I don't think you would recognize what passes for public school curriculum any more.



To: koan who wrote (77432)4/8/2008 11:32:14 PM
From: mishedlo  Read Replies (3) | Respond to of 116555
 
OT - I did a double check.
What I have in the freezer is "fresh frozen" Pacific Sockeye Salmon not king salmon.

$8.99

What does that go for when you can get it genuine fresh?

Mish



To: koan who wrote (77432)4/9/2008 7:58:03 AM
From: Oblomov  Read Replies (1) | Respond to of 116555
 
Commager was right- the institutions were too messy for even a monomaniacal scoundrel like Nixon to take over.

I don't mean that there is a public school dogma in the strict sense that a Catholic school has a dogma. It's more subtle and pervasive than that. It's a set of unquestioned assumptions that underlay the whole enterprise. Just as a Catholic school would never question the goodness of Catholicism, a public school will never question the rightness of the American civic mythology, whatever it is at the time.

What you describe as the broad arc of history is a good example of this dogma: Whiggish history, the idea that history progresses and that human civilization has "evolved".

Democracy was not an invention of the French or Scottish Enlightenment thinkers. They were familiar with the ancient Greek experiment. Like Aristotle, they viewed democracy as a corrupted form of timocracy (what the Romans later called a republic- theirs too fell). BTW- I consider The Republic essential reading, too.

The founders of the US were also alarmed by the revolution in France (as was Burke), and the Constitution they wrote was informed by their desire to limit democracy in favor of minority rights and individual liberty.

Oddly enough, when Tocqueville visited the US, he observed that democracy in the US had far greater potential to produce mediocrity than mob rule.

What was unique about the late enlightenment was its success in advocating individual liberty, not democracy. At one point, as much as 25% of the South and 10% of the North was in servitude (either as chattel or by contract). A third of Russia was living in some sort of servitude- in fact, the word "slave" comes from the name of the ethnic group, Slav. Slavery was a feature of ordinary life in ancient Greece and Rome. But that changed starting in the late eighteenth century.

Perhaps what we experienced was just an unusual period - perhaps people become eager again for the unfreedom but security of servitude. We did begin heading down that road nearly 100 years ago, under Wilson, and have continued down that road, albeit slowly. I hope that this reverses, and that freedom is "rediscovered", but (against the Whig view of history) I see the same themes emerge today as in the past. Is progress possible?
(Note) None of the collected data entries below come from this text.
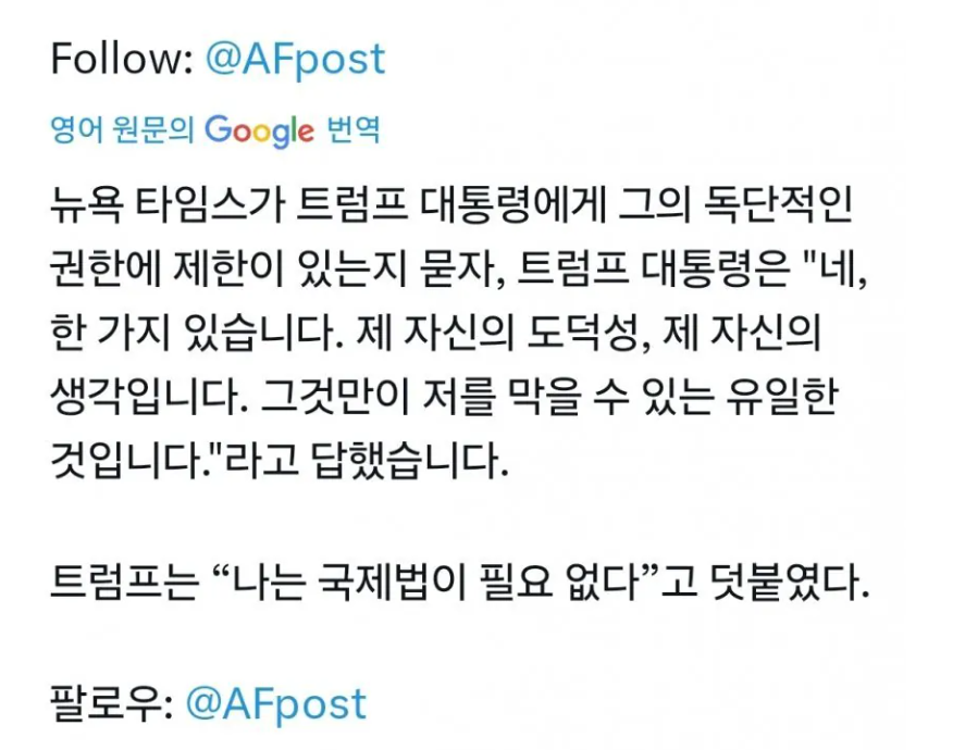 트럼프, "나는 국제법 필요 없다"짐이 곧 법이다 ㄷㄷㄷ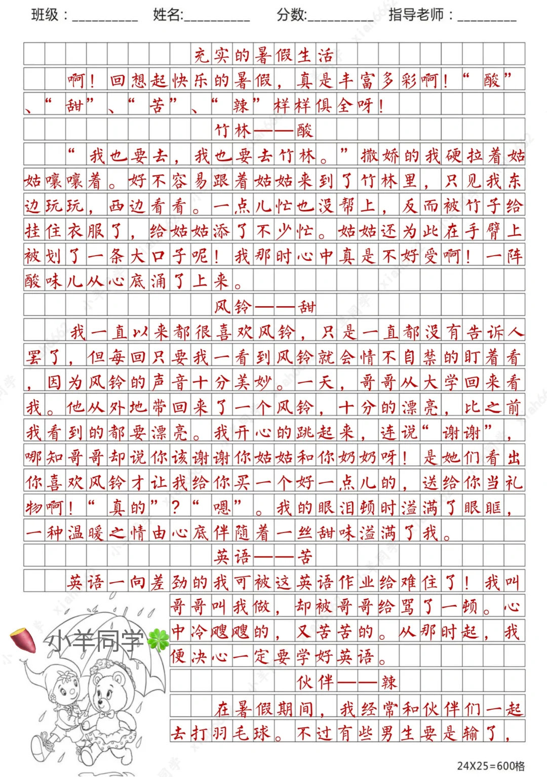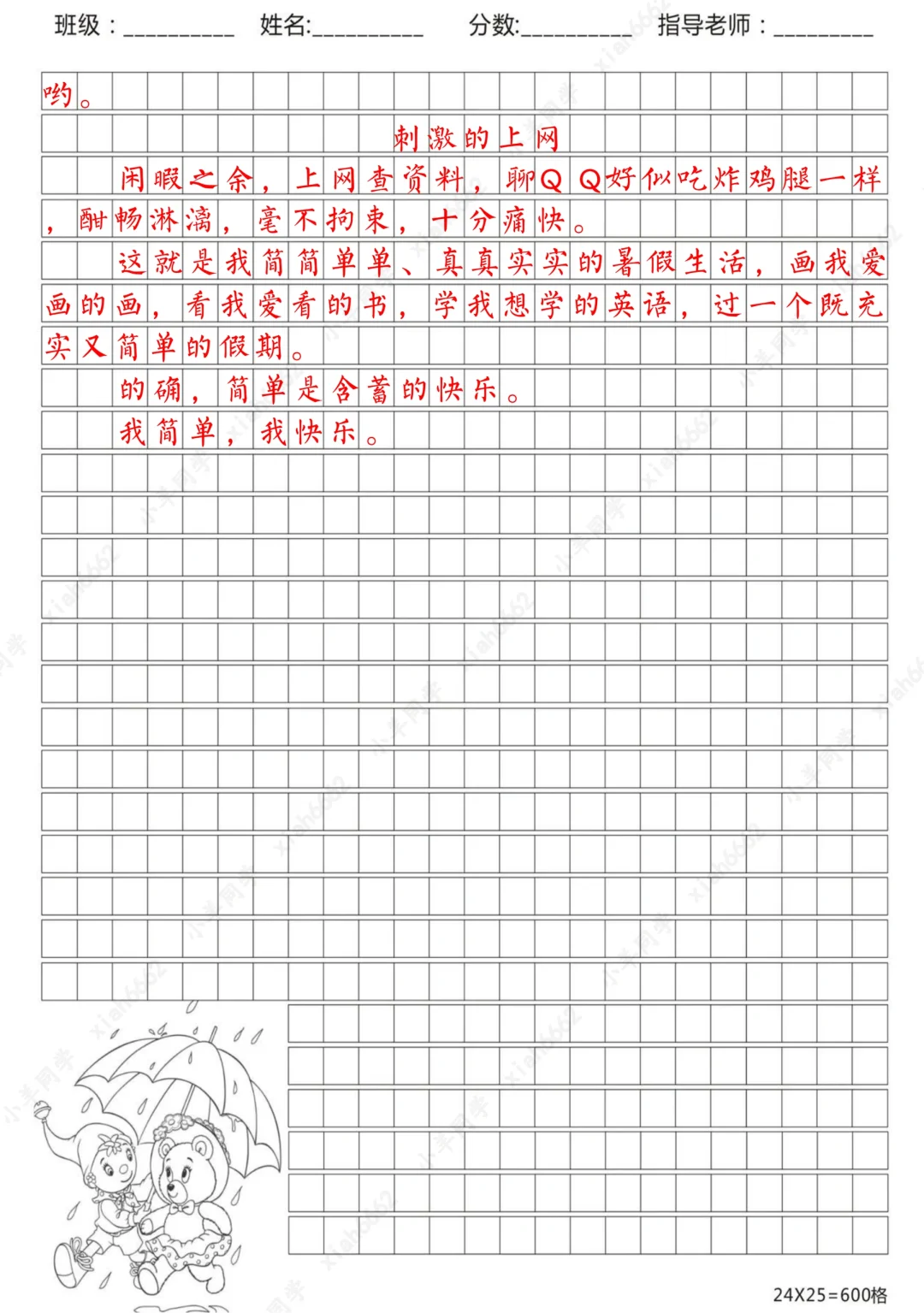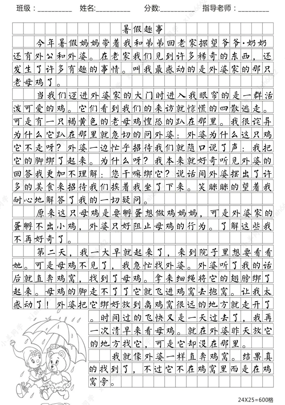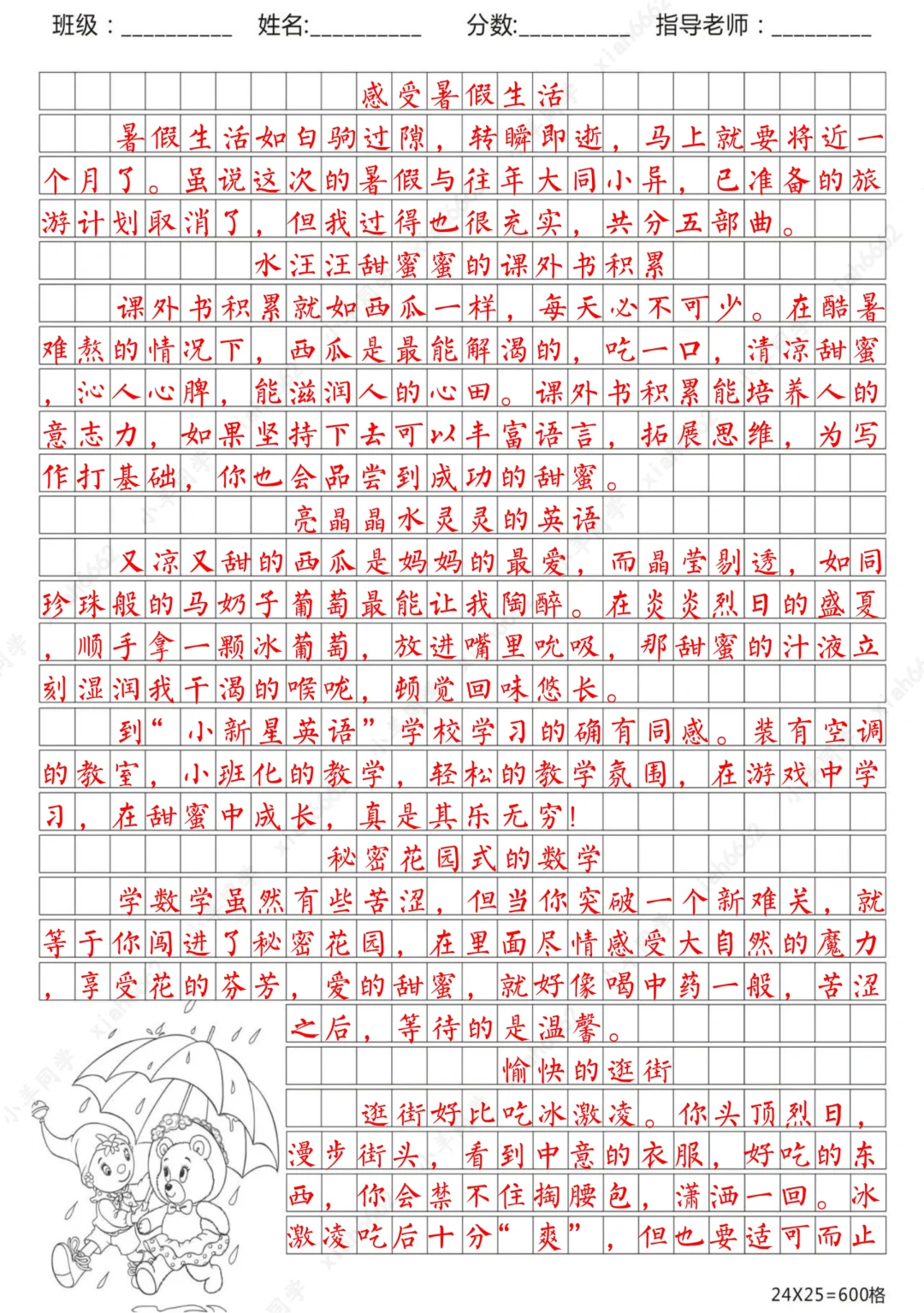 小学暑假作文【400-700字】
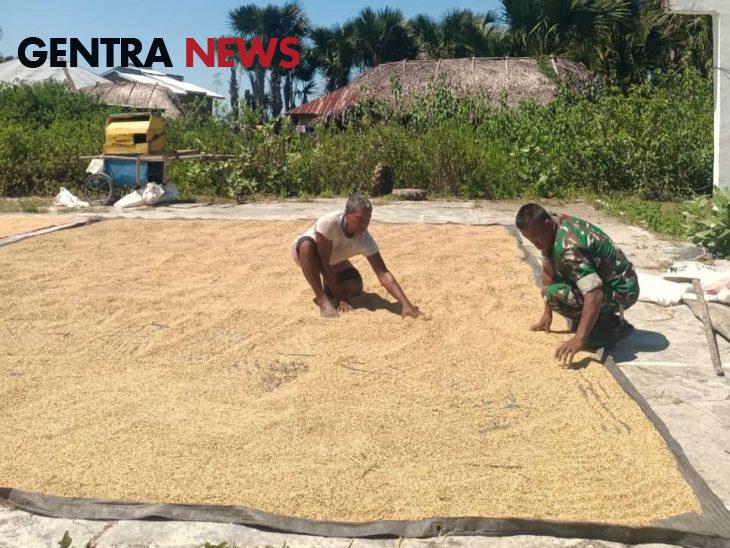Gentra News NTT – KODIM 1605/BELU, Di saat musim panen padi usai, salah satu kegiatan yang wajib yang di lakukan oleh para petani adalah menjemur gabah dari hasil panen padi, yang mana bertujuan untuk melakukan proses pengeringan kadar air pada gabah tersebut.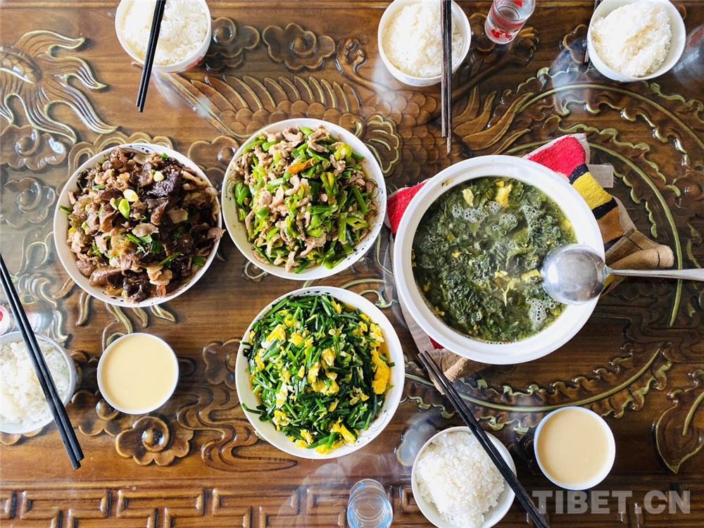 次增做得一手好菜,木耳青椒炒肉、韭菜炒雞蛋,還有蕎麥葉煮蛋湯,家常菜讓人感到非常親切和感動(dòng)。次增對我們說:“開展生態(tài)宜居示范村建設(shè)后,整個(gè)村變化特別大,以前村里的土路高低不平,現(xiàn)在道路平整,路也寬了,給我們帶來了很大的幸福,不是光我一家,我們整個(gè)村子家家戶戶都覺得非常滿意?!?/p>

Maybe, but I won't count on it.



To: koan who wrote (77432)4/9/2008 1:36:28 PM
From: sageyrain  Read Replies (1) | Respond to of 116555
 
"The great ancient Greeks (350 BC) almost hit critical mass, but were annilated before they could evolove a sophisticated civilzation. I love the ancient Greeks! The Republic by PLATO was sooooo profound and to think he wrote it over 2,000 years ago."

the Republic - an elite ruling class, ruling the eugenically purpose bred worker class through an enforcer "Guardian" class, with liberal doses of the Noble Lie.

Enlightened for some, hell for most.

A familiar model, and yes, it has been very profound.



To: koan who wrote (77432)4/9/2008 1:49:40 PM
From: zamboz  Respond to of 116555
 
The great ancient Greeks (350 BC) almost hit critical mass, but were annilated before they could evolove a sophisticated civilzation. They annihilated themselves with an unnecessary war in Sicily with Syracuse. It turned out to be a disaster--an army totally slaughtered and a huge fleet captured. It was only a matter of time before Sparta finally wore them down.
If wars are largely economic in modern times. We are getting slaughtered in our unnecessary war.